遺体安置所は,警察の管理下であり,そこでは,遺体が運ばれる度に,警察や医師による検視や身元確認作業が行われていたことが釜石ルポから読み取れる.自治体職員は「住民票は町の管理」という名目でそこに張り付けられており,本調査の研究参加者は,「特にすることはなく」,家族を案内したり水を汲んだりなど「業務的には大変ではなかった」,「特に判断に困ったということはなかった」と表現している.しかし,知人を含む多くの遺体が整然と並ぶ異常な空間のなかに毎日終日居て,警察だけでなく遺族の怒りや悲しみに対応しなければいけない遺体安置所での仕事は,「仕事の立場上」,「(他の業務に配置された)人がいる中で,(間)自分は」という言葉に表れているように,非常事態にある自治体の職員として仕方はないものの,受け入れがたく,どうして自分がここに配置されるのかという葛藤を伴うものであったと考えられる.

また,遺体搬送の業務では「思い出せない」「どうしようもない」といった事象を回避する言葉が表出されていたのに対し,遺体安置所に配置された職員からは,「つらかった」,「きつかった」,「精神的にやられた」という自身の内面にある感情がストレートに表出された.これは,遺体安置所の業務は,遺体に対応するという点では,搬送業務と同様に非日常な経験であるものの,そこは,生きている人,つまり,検視をして死体検案書や死亡届を作成する警察や医師,家族の行方を探す人,家族の死を悼む感情を持った人が出入りする場所でもあり,ご遺体となった方々が今まで生きていた証しを感じられる場であったからではないかと考える.

消防における惨事ストレス対策の指針によると(大澤,2013),その理念は「ねぎらい」と「支え合い」であり,対策レベルには「組織」,「職員同士」,「個人」が置かれている.具体的には,平時の予防教育や,直後の励ましや感謝などが挙げられている.自衛隊員への調査(山本ら,2013)からは,任務が開始されるまでの心の準備や,任務へのポジティブな受け止めが精神障害を防ぐ要因と考えられると報告されている.本調査においても遺族からの「ありがとう」の言葉に慰労された様子が語られていることから,遺体対応業務においては,単に平時から業務内容を把握しておくだけではなく,有事に職員が互いに支え合って業務に当たれるよう組織的な体制を組んでおく必要があると考える.

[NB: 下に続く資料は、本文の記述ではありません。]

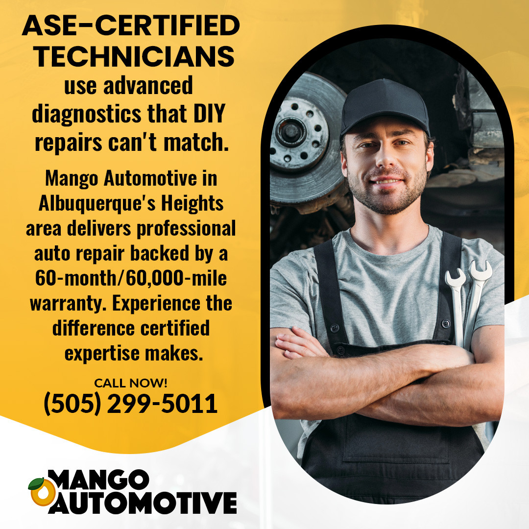 Albuquerque, NM - Mango Automotive today presents a compelling case for why drivers in Albuquerque should choose professional auto repair over DIY or informal options. Combining certified technicians, advanced diagnostic tools, clear communication, and an industry‑leading warranty, Mango Automotive distinguishes itself among auto repair shops in the region, especially for vehicle owners seeking reliable and accountable auto repair at the Heights in Albuquerque.
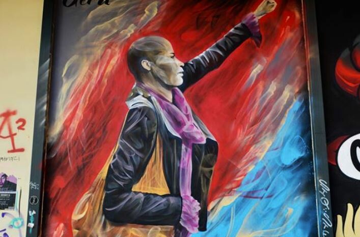Γκραφίτι στον υπαίθριο χώρο της Νομικής Σχολής Αθηνών έγινε η εμβληματική φωτογραφία της ακτιβίστριας Tess Asplund που πριν από έναν περίπου χρόνο απεικονίστηκε με υψωμένη τη γροθιά της να στέκεται μπροστά στους επικεφαλής μιας πορείας περίπου 200 ακροδεξιών εξτρεμιστών στο Borlänge της Σουηδίας.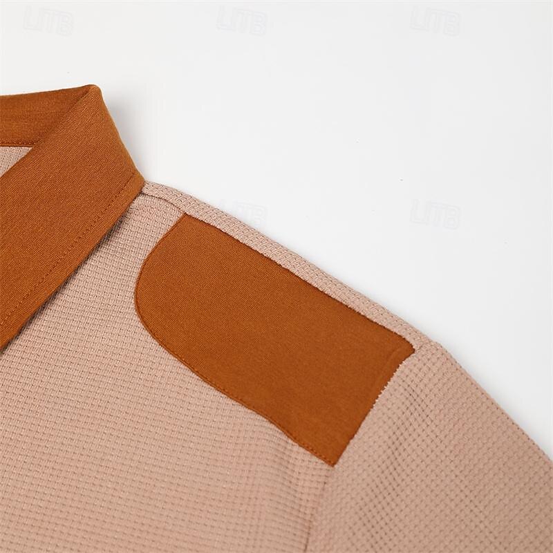 Highlights [Fabric] : Crafted from high-quality polyester, this men's polo shirt offers a quick-dry feature and a micro-elastic fit for superior comfort in any setting. [Fit] : Designed with a regular fit, this polo is ideal for casual and holiday wear, providing a classic and comfortable style that's perfect for the spring and summer seasons. [Design Highlights] : The shirt boasts a color block pattern with a classic neckline and a contrasting button-up placket, adding a touch of fashionable sophistication. The long sleeves contribute to its versatile, year-round appeal. [Occasions] : Perfect for holidays and casual outings, this polo shirt is an excellent choice for a variety of social gatherings, embodying an effortlessly stylish yet relaxed vibe. [Size Range] : Available in a range of sizes from M to 3XL, catering to diverse fitting needs and preferences, ensuring a great fit for any occasion. The shirt is offered in multiple color options including Black, Gray, Dark Navy, and Khaki.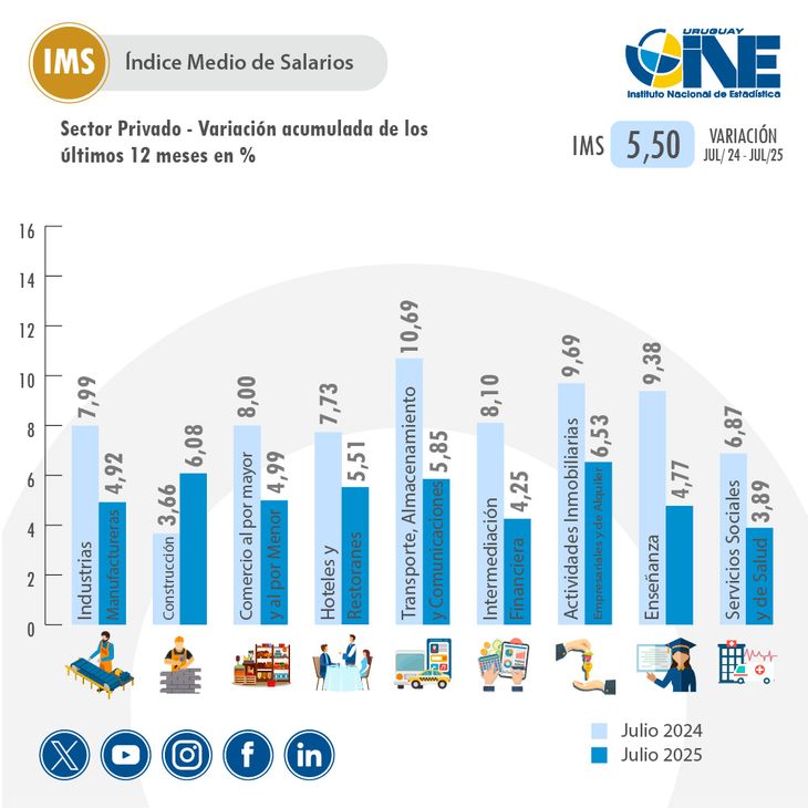 El salario real moderó su suba en julio, de acuerdo al último informe del Instituto Nacional de Estadística (INE), aunque el movimiento durante los últimos 12 meses sigue por encima de la inflación registrada durante el mismo período.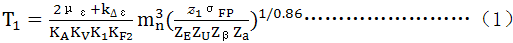 式(B2)與正文的公式(8)等效,其符號意義及取值同公式(8)。σHP及YF分別按大、小齒輪確定,σHP1/YF1和σHP2/YF2值,取其中的小值代入式(B2)。對于人字齒輪,(2με+k△ε)按單側(cè)齒寬計,算得的T1值為單側(cè)齒寬的名義轉(zhuǎn)矩。

4)  3から5月,埋火葬に係る業務:戸籍流出・火葬場の許容を超える遺体で通常の火葬許可や埋葬ができない困惑

墓地,埋葬等に関する法律では,日本人の宗教的感情に適合し,かつ公衆衛生その他公共の福祉上の見地から,支障なく火葬や埋葬が行われるよう,市町村長が許可証を出すことが定められている.通常であれば住民票や戸籍に関わる業務は自治体が行うが,この自治体では,死亡届の提出を受けて抹消する戸籍が流出し,火葬許可証を出す途中の手続きができず省かざるを得なくなった.これは住民に奉仕する立場にある公務員が,その対象となる住民の基本情報を管理できない状況に陥っていたことを表しており,「通常とは異なる不安」と表現された不安とは,尋常ではない困惑を孕むものであったと考えられる.

研究参加者の自治体では,データにもあるように,他市町村に協力を求めても,思うように火葬が進まず,3月下旬に身元不明と引き取り手のない遺体の土葬を決定し,450人分くらいの墓穴掘りを行っていた.その後,土葬か火葬かの議論は二転三転するも,4月上旬にすべてを火葬と決定し,5月中にほぼ完了となっていた.阪神・淡路大震災においては,大阪や京都がすばやく申し出て,広域火葬により1月17日から2週間後の1月31日には身元不明の遺体を除く火葬が終了していた(林ら,2009).この解決の速さは,都市部においては機動力や交通網が充実し,遺族自らの手配による火葬も多かった要因によると考えられるが,なによりも,流出や汚泥を伴う津波災害とは異なり,遺体の発見や身元判明が早くできたことが影響している.また,東日本大震災による被害の範囲が多くの自治体にまたがっており,火葬を支援する近接自治体にも混乱が生じていたのではないかと考えられる.とはいえ,実際には行われなかったものの阪神・淡路大震災では国から野焼きの検討を提案されたという証言(林ら,2009)や,1896(明治29)年の津波の時には実際に野焼きが行われた記録がある(吉村,2004).礼を尽くして弔うことは遺族への配慮として重要なことであり(舩木ら,2006),東日本大震災において,ぎりぎりの対応の中で,野焼きや土葬という事態を免れたことは,残された者にとってせめてもの救いであったのではないかと考える.

V. おわりに

本調査では,東日本大震災によって,予期せず多くの幹部職員や同僚,親類,友人,知人を亡くし,職場も流出した状況で,公務員として従事する職員に,震災から半年後,被災直後からの状況と印象に残ったことについて聴取した.遺体対応業務に関する語りはわずかであり解釈するにも限界があるが,その語りの少なさ自体が,その業務の過酷さと,半年ではとても癒やすことができない精神的な痛みの大きさを物語っていたと考える.自治体職員にとっての遺体対応業務は,危機的状況への対応を組織的に訓練された警察や消防,自衛隊とは違い,通常業務とは全く異質なものであり,やるしかない状況下で,公務員としての責任感と,助かった命,残った人員として懸命に遂行していたものであったと考えられる.今後,保健師等公衆衛生従事者や自治体関係者は,このような状況におかれた際の自治体職員の理解を促進し,遺体対応業務に就く者の苦痛を少しでも軽くするための平時からの準備策について検討し有事に備える必要がある.

謝辞

震災後のご公務多用な中,本調査にご協力くださいました自治体職員の皆様に心より感謝申し上げます.

本研究は,2011年度厚生労働省老人保健事業推進費等補助金(老人保健健康増進等事業分)「地震による津波で被災した一人暮らし高齢者・高齢者世帯の生活再構築のための支援過程の構造化」事業により実施しました.